26th Aug 2021 in Business
The latest Quarterly House Price Index report indicates a market which continues to exhibit increased trading up activity and price acceleration thanks to strong levels of market demand coupled with supply inelasticity.
The Ulster University research, which has been produced in partnership with the Northern Ireland Housing Executive and Progressive Building Society, analyses the performance of the Northern Ireland housing market during the second quarter of 2021 (April, May and June).
The report reveals an overall average house price of £195,242 which represents a weighted annual level of growth of 9.2% between Q2 2020 and Q2 2021. Where quarterly movements are concerned, the Index displays an increase of 2.8% relative to Q1 2021. This growth remains driven by increased activity, particularly within the semi-detached and detached segments of the market across the region but also as a result of more nuanced increases within the terrace/townhouse and apartment sectors, which have witnessed a rejuvenation in transaction prices.
The report is premised upon 4,138 transactions, the highest volume of transactions recorded in the index in almost two decades, and substantially higher than the 2,829 reported in Q1, 2021 and the 570 presented in Q2 2020 due to the market closure.
The sense of positivity which has encapsulated the NI Housing market post the enforced pandemic closure continued throughout the three months to the end of June 2021. The report’s estate agent survey reaffirms the sense of optimism, with over 70% of agents citing heightened transaction volumes relative to Q1 2021 and 74% reporting heightened levels of enquiries from prospective purchasers. Importantly, more than 80% of the agents surveyed confirmed that increased viewing levels over the quarter had prompted a further increase in the number of properties achieving sale agreed status relative to the previous quarter. The majority of agents expect market buoyancy to continue through into next quarter as the demand/supply imbalance continues to play a dominant role in market dynamics.
Lead Researcher, Dr Michael McCord, Reader in Real Estate, Ulster University said: “As indicated throughout the previous four reports, the psychological effect of the COVID-19 pandemic upon the housing market is well and truly discernible, with the race for space clearly evident. Indeed, in the first quarter of 2021 we noted the increased competition amongst buyers, with viewings instantaneously translating into firm offers and trading up activity.

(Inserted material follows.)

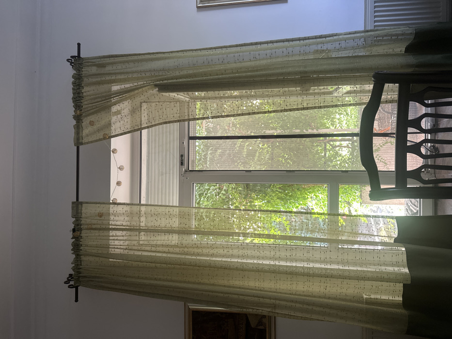 The image depicts an indoor scene in Kriukivshchyna, Ukraine, looking outwards through a large window or glass door. Two sheer, light green curtains, patterned with subtle dark dashes and featuring a darker green lower hem, hang from a dark metal curtain rod. The left curtain is largely drawn, while the right curtain is partially open, revealing a white-framed, multi-pane glass structure. Beyond the glass, vibrant green foliage from trees or bushes is visible, suggesting an outdoor garden or yard area. A faint glimpse of an object, possibly a bicycle or outdoor furniture, can be seen through a screen panel on the right side of the exterior view. Inside the room, the top of a dark wooden chair with a decorative, carved backrest is prominent in the foreground, partially obscuring the lower window view. A string of small, spherical fairy lights is suspended across the upper window frame, behind the curtains. On the left wall, a portion of a framed artwork with a dark or gold frame is visible. On the right wall, a white radiator is present near the floor. The walls and ceiling are white, and the room appears to be lit by natural light emanating from outside. No individuals are present.

Moving into the second quarter of the year, this trend has firmly continued with increased house prices and transaction levels.”

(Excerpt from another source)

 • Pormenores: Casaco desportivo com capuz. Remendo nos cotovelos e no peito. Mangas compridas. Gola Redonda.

Michael Boyd, Deputy Chief Executive & Finance Director Progressive Building Society said: “Despite the economic challenges of COVID, the resilience, affordability and changing patterns has seen momentum and confidence continue within Northern Ireland’s housing market throughout the first half of 2021 with the highest level of transactional volumes seen since 2007. While the soon to be phased out stamp duty holiday has been an important contributory factor, further easing of restrictions and a better than expected economic outlook augers well for the market in the coming months with transaction volumes expected to remain consistent with the first half of the year.
“The longer-term picture, however, must account for the end of the furlough scheme with the Northern Ireland Executive and the UK Government playing an important role in leading the policy environment to support economic investment and drive consumer confidence.”
Elma Newberry, Assistant Director of Land and Regeneration with the Housing Executive, which commissions the research, said: “The second quarter of the year saw an exceptional level of activity in the local housing market for a number of reasons including households wanting to trade up for more space, and this contributed to another increase in average prices. Looking ahead, we are mindful of the challenges facing the construction industry because of the availability and cost of materials. New housing supply is an important component of the housing market and the Housing Executive is continuing to work with partners and stakeholders to ensure an appropriate supply of new homes across all tenures.”